Other applications of Big Data
In addition to the economic, scientific or medical potential offered by Big Data, there are many other sectors that can benefit from the use of Big Data. These include, above all, the financial sector, trade in general, marketing, tourism, logistics. and the automotive sector.
The possibilities of using Big Data and Big Data technologies are manifold. In essence, the main advantages of using Big Data can be summarized in three main points, common to all areas:
- Creation of new insights from existing data
- Increase productivity and innovation
- Reduce costs for information processing and information exchange
In addition to the opportunities offered by the use of Big Data companies, institutions and society, they must also be able to deal with the wide range of information in order to benefit from the available data. When looking at and analyzing the existing data masses, there are a number of obstacles to overcome and questions to be clarified so that no negative effects of Big Data need to be feared for legal, private or ethical reasons.
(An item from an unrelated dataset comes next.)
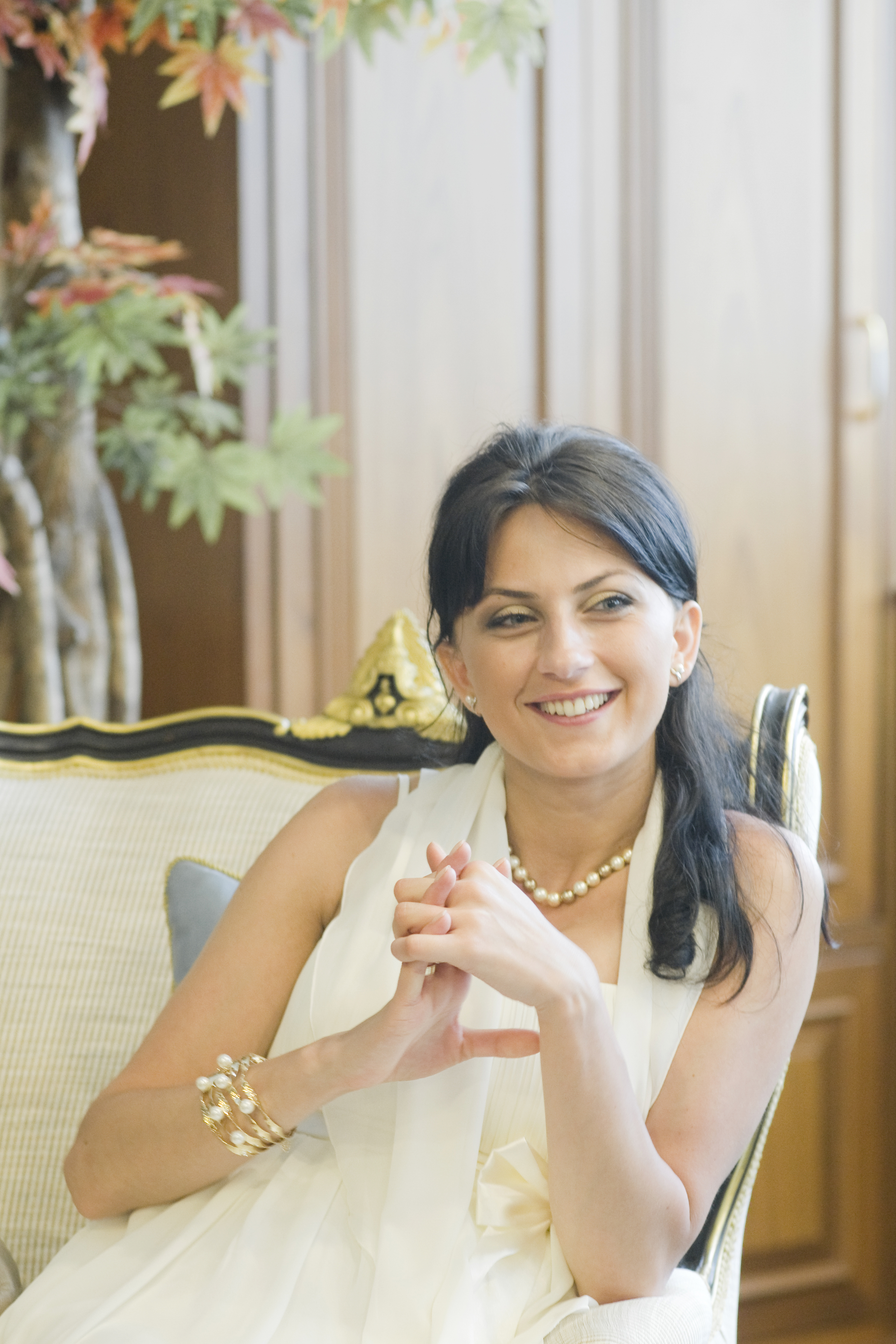 Marine Shamugia Gilauri, wife of Nikoloz Gilauri (former Georgian fashion model (b. 1985), member of beauty contest Miss Georgia-2004.). By The Official Site of The Prime Minister of Thailand Photo by พีรพัฒน์ วิมลรังครัตน์

Challenges for the economy and institutions
Because of the characteristics of Big Data and the fast-paced up-to-dateness of the data, it is necessary for enterprises and institutions to design and pursue a suitable Big Data strategy. In this way, companies lay the foundation for recognizing imminent changes at an early stage and for optimizing them.
This also means that a large number of hardware and software providers have to be selected in order to create the necessary technical prerequisites. In addition, specialists are needed who are able to deal with the mass of different data and to design the appropriate questions for the business in order to derive the greatest possible benefit from the existing data in order to provide the company with optimal advice and support. IBM refers to these specialists as a Data Scientist . One of the biggest challenges for the use of Big Data solutions is currently the lack of know-how in this business area. In addition, the introduction of Big Data solutions can lead to high, initial consulting and system integration costs, which can delay many small and medium-sized enterprises (SMEs) before the introduction of Big Data solutions. Depending on the method chosen, costs can be between $100 and $180,000 in different sizes. The high-priced solutions are aimed primarily at in-memory processes with comprehensive data processing facilities, while more favourable solutions focus on data storage.